However, since she has been walking on the ground on the lead she has been quite aggressive with almost every dog she meets in the park - big or small, male or female. She always barks loudly, jumps up or on them, sometimes pins them down, sometimes growls and snaps, though thankfully she hasn’t bitten any other dog yet. It’s a bit awkward with other dog owners who quite often swipe up their puppies in fear.

We haven’t let her off the lead yet but do plan to do this when we get her recalling better on the lead as she is very distracted still. At home we have been practicing positive reinforcement rather than any punishment led behaviour and she is otherwise very trainable and a happy little lady in every regard (she nips like a little shark but does largely respond to ‘stop’ now). 

I am wondering whether we ‘threw her in the deep end’ too soon and she maybe needed to get used to seeing dogs on her walks first or keeping meetings very brief at first? My other thought is that she is being protective of us. We should have named Jolly ‘Velcro’ because she really is attached to both me and my partner. 

I would so welcome any guidance or help from other owners of Vizslas on here that have experienced similar. Perhaps I am over-worrying as she is still so young? Thank you very much.


----------



## ana19 (Jun 26, 2020)

Rosie1818- said:


> Hi everyone - firstly a huge thank you to everyone who runs and contributes to this site. As a first-time vizsla owner I have found this forum incredibly helpful.
> 
> looking for some advice. My vizsla puppy Jolly is a bundle of fun who came from a reputable breeder. She was one of 9 puppies and was said to be one of the quieter ones (though I would argue she is quite a dominant little personality!)
> 
> ...


Without seeing the behavior, I would say she's just playing a bit more roughly, she's not aggressive. On BC SPCA Accredited North Vancouver Dog Training & Behavior Consulting you have a free dog body language course and it also has play behaviors explained so check it out and compare it to her behavior. You'll see there's nothing to worry about. But well done for using R+, it will be worth it in the long run, you'll see!


----------



## Rosie1818- (Dec 26, 2020)

ana19 said:


> Without seeing the behavior, I would say she's just playing a bit more roughly, she's not aggressive. On BC SPCA Accredited North Vancouver Dog Training & Behavior Consulting you have a free dog body language course and it also has play behaviors explained so check it out and compare it to her behavior. You'll see there's nothing to worry about. But well done for using R+, it will be worth it in the long run, you'll see!

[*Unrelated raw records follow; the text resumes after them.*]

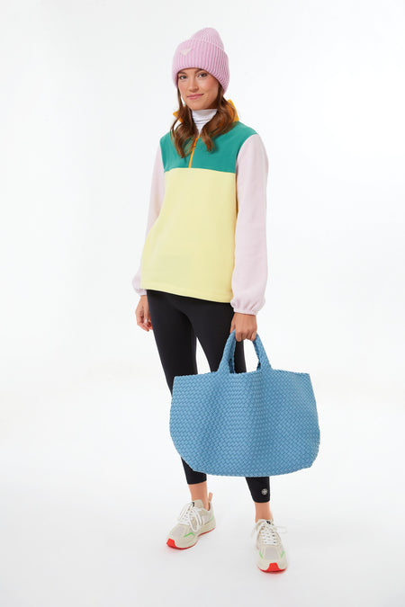 A cold-weather classic, the Oversize Baby Pink Beanie is a great way to add a pop of color to a grey winter day. A chunky, ribbed knit brings a modern twist and a merino wool composition ensures that this soft hat will keep your head warm no matter the temperature. We love to pair this with an on-trend puffer coat for that aprés ski look, or with a fleece sweatshirt to lounge around the house while you watch the snow fall outside your window.
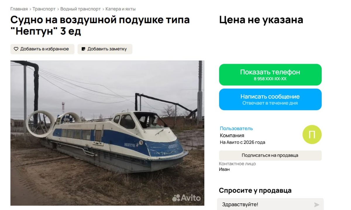 Региональное министерство транспорта прокомментировало нетривиальную, на первый взгляд, ситуацию: на популярной площадке Avito выставлены на продажу три судна на воздушной подушке «Нептун». https://oboz.info/mintrans-samarskoj-oblasti-obyasnil-zachem-prodayutsya-suda-na-vozdushnoj-podushke/
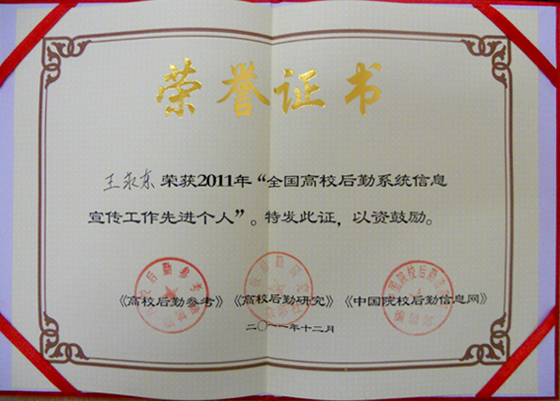 王永东同志荣获“2011年全国高校后勤系统信息与宣传工作先进个人”称号
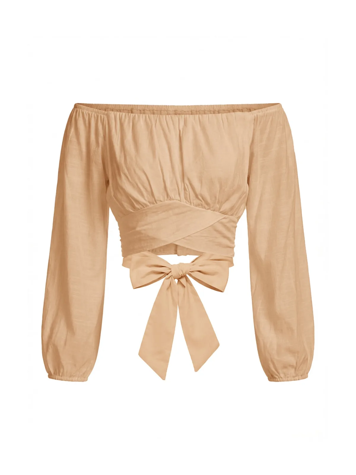 Blouse type: Blouseshirt; Design: Strapless/off-shoulder, Om te knopen/binden; Materiaal: Viscose; Motief: Effen; Kraag: Zonder kraag; Details: Cut-outs, Gedrapeerd; Extra's: Op staal naden, Koele grip; Pasvorm: Normale pasvorm; Armlengte: Lange mouw; Lengte: Korte pasvorm
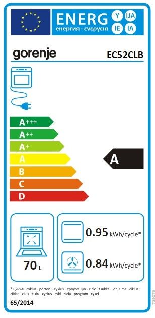 - Spotřeba energie: 0,84 kWh (Nucená konvekce vzduchu), 0,95 kWh (konvenční tepelná funkce)
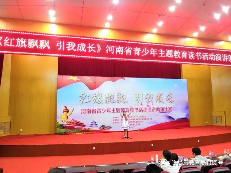 7月14日上午,由河南省教育厅关心下一代工作委员会主办的全省中小学生主题教育读书活动演讲朗诵比赛顺利闭幕。市毓秀路小学五(2)班的卢展羽同学作为许昌市小学组的代表参加了本次比赛,并获得了特等奖的佳绩,展现了新时代许昌学子的风采,为我市争得了荣誉。

Ana so grateful for your response I will check that out. Thank you!


----------



## Gabica (Jan 20, 2018)

Rosie1818- said:


> Ana so grateful for your response I will check that out. Thank you!

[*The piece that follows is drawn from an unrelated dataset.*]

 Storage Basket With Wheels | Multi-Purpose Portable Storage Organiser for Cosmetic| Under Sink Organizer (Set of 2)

thank you from myself too. i have been reading and watching videos a lot in this topic, but have never attended this training, i will do it now. this area is so important when training dogs, really appreciate sharing it.


----------



## ana19 (Jun 26, 2020)

Gabica said:


> thank you from myself too. i have been reading and watching videos a lot in this topic, but have never attended this training, i will do it now. this area is so important when training dogs, really appreciate sharing it.


You are very welcome! Dog body language is such an important topic yet we fail to learn enough about it.


----------



## Frida010 (Apr 24, 2020)

The dog school we attend picks puppies with that behavior and places them in their daycare with older dogs for then to learn how to play correctly with other dogs.

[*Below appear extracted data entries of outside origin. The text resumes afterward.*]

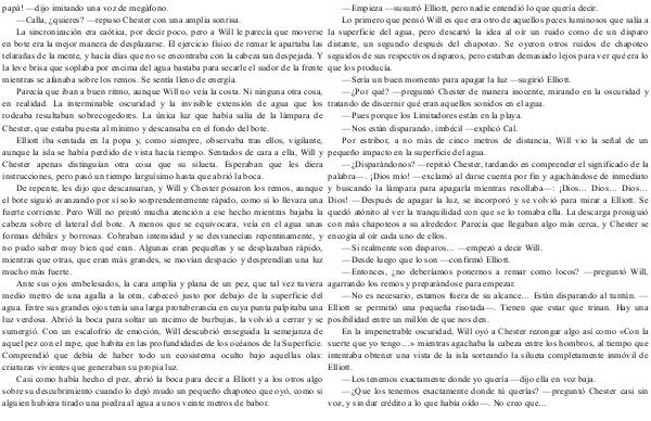 papá!— dijo imitando una voz de megáfono.— Calla, ¿ quieres?— repuso Chester con una amplia sonrisa. La sincronización era caótica, por decir poco, pero a Will le parecía que moverse en bote era la mejor manera de desplazarse. El ejercicio físico de remar le apartaba las telarañas de la mente, y hacía días que no se encontraba con la cabeza tan despejada. Y la leve brisa que soplaba por encima del agua bastaba para secarle el sudor de la frente mientras se afanaba sobre los remos. Se sentía lleno de energía.
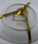 Assiette décorative en porcelaine dorée à l'or fin signée Salvador Dali. Elle fait partie de la série Deportes sur le thème des sports olympiques réalisée par Dali en 1978-80, et représente le cyclisme (ciclismo).
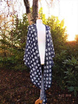 The pattern includes directions for knitting a large as well as a small shawl. Large shawl (width: 265 centimeters, Height: 70 centimeters). Small shawl (width: 165 centimeters, Height: 50 centimeters).
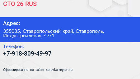 СТО 26 RUS по адресу 355035, Ставропольский край, Ставрополь, Индустриальная, 47/1 в дальнейшем Организация, размещена в следующих категориях:

If you have friends with secure, non-aggressive dogs you could set up a play session (your pup on a long leash first) and have the older dogs correct his behaviour. But you need to read up on dog behaviour and body language first to understand when to interfere (and when not).


----------



## Rosie1818- (Dec 26, 2020)

Frida010 said:


> The dog school we attend picks puppies with that behavior and places them in their daycare with older dogs for then to learn how to play correctly with other dogs.
> 
> If you have friends with secure, non-aggressive dogs you could set up a play session (your pup on a long leash first) and have the older dogs correct his behaviour. But you need to read up on dog behaviour and body language first to understand when to interfere (and when not).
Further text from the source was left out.